● What to work on
Output a character-exact copy of the data, images removed.

(Extracted data entries)
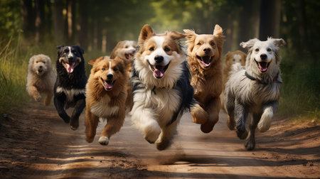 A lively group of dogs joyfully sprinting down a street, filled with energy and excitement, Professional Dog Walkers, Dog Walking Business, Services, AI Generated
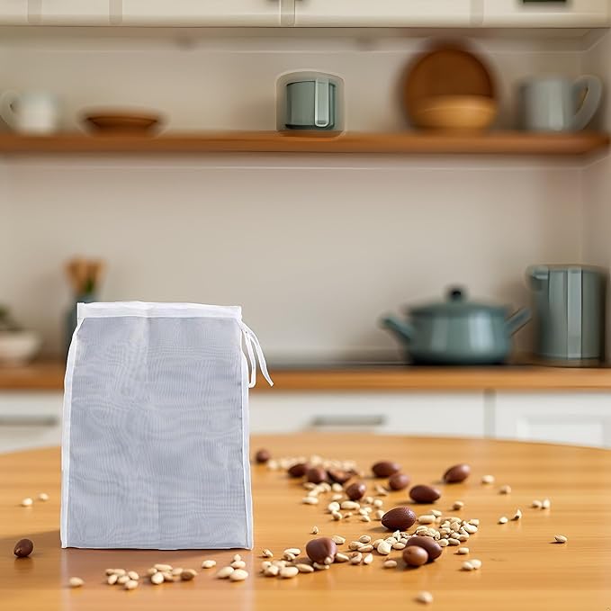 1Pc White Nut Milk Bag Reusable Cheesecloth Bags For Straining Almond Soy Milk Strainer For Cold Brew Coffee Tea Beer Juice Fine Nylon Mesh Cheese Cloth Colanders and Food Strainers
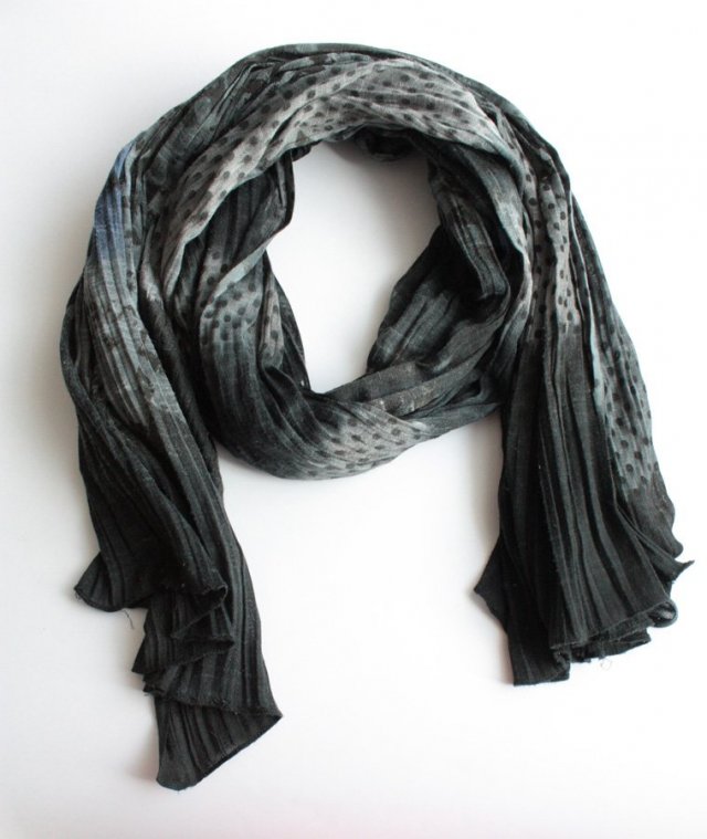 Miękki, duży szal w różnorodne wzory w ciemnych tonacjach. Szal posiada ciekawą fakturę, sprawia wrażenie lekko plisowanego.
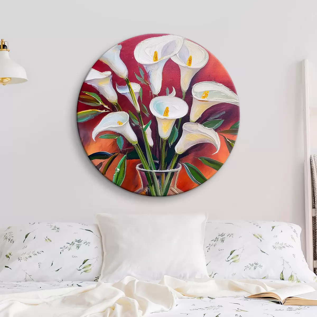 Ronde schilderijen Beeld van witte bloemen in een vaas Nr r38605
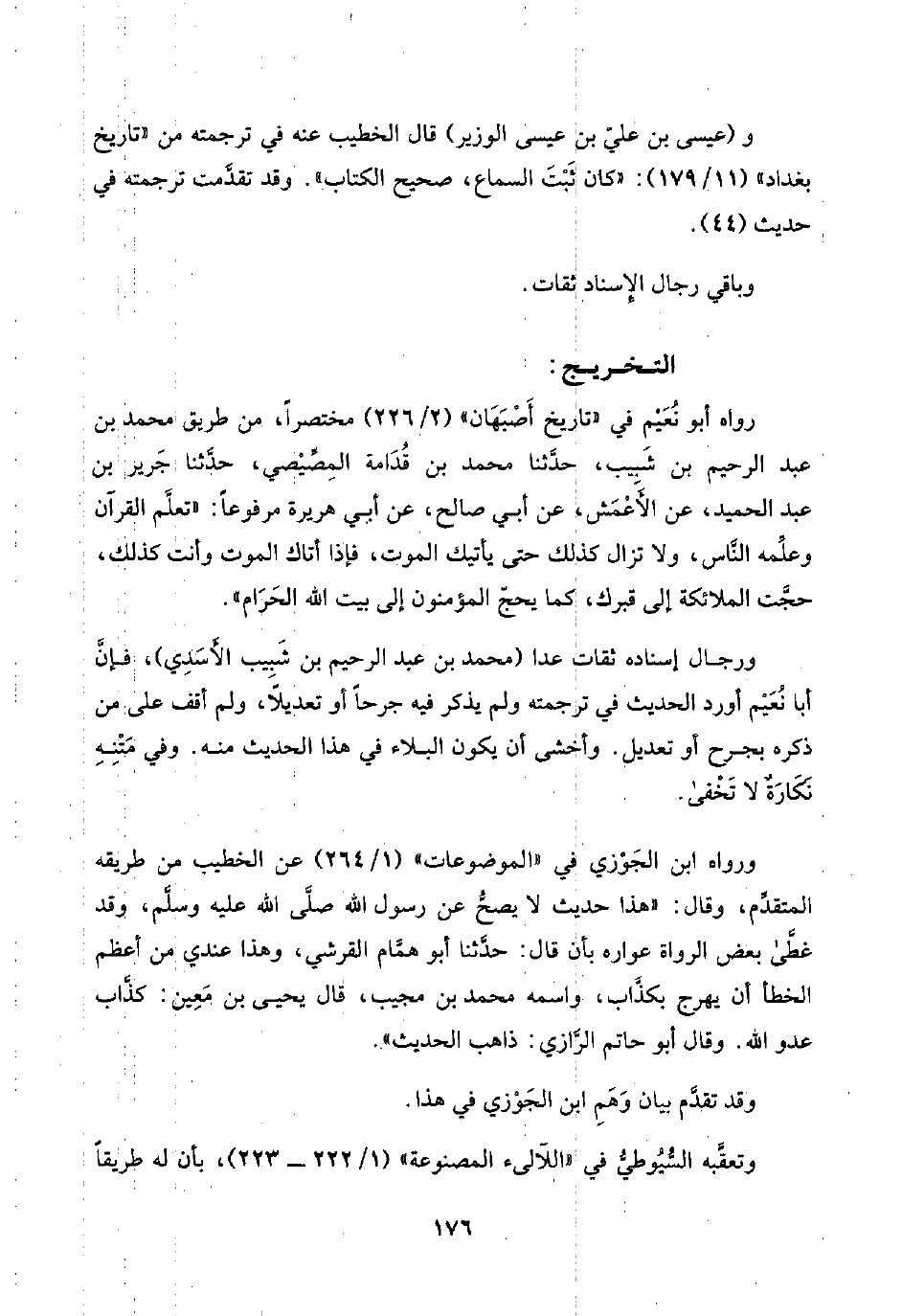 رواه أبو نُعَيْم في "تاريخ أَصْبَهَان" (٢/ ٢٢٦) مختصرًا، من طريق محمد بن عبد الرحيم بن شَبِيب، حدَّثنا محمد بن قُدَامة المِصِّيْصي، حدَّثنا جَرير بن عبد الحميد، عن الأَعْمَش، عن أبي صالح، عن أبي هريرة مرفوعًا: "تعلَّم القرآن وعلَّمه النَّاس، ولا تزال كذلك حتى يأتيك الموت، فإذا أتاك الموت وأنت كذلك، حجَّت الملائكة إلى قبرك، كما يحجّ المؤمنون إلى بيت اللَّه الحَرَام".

● Task result
 A lively group of dogs joyfully sprinting down a street, filled with energy and excitement, Professional Dog Walkers, Dog Walking Business, Services, AI Generated
 1Pc White Nut Milk Bag Reusable Cheesecloth Bags For Straining Almond Soy Milk Strainer For Cold Brew Coffee Tea Beer Juice Fine Nylon Mesh Cheese Cloth Colanders and Food Strainers
 Miękki, duży szal w różnorodne wzory w ciemnych tonacjach. Szal posiada ciekawą fakturę, sprawia wrażenie lekko plisowanego.
 Ronde schilderijen Beeld van witte bloemen in een vaas Nr r38605
 رواه أبو نُعَيْم في "تاريخ أَصْبَهَان" (٢/ ٢٢٦) مختصرًا، من طريق محمد بن عبد الرحيم بن شَبِيب، حدَّثنا محمد بن قُدَامة المِصِّيْصي، حدَّثنا جَرير بن عبد الحميد، عن الأَعْمَش، عن أبي صالح، عن أبي هريرة مرفوعًا: "تعلَّم القرآن وعلَّمه النَّاس، ولا تزال كذلك حتى يأتيك الموت، فإذا أتاك الموت وأنت كذلك، حجَّت الملائكة إلى قبرك، كما يحجّ المؤمنون إلى بيت اللَّه الحَرَام".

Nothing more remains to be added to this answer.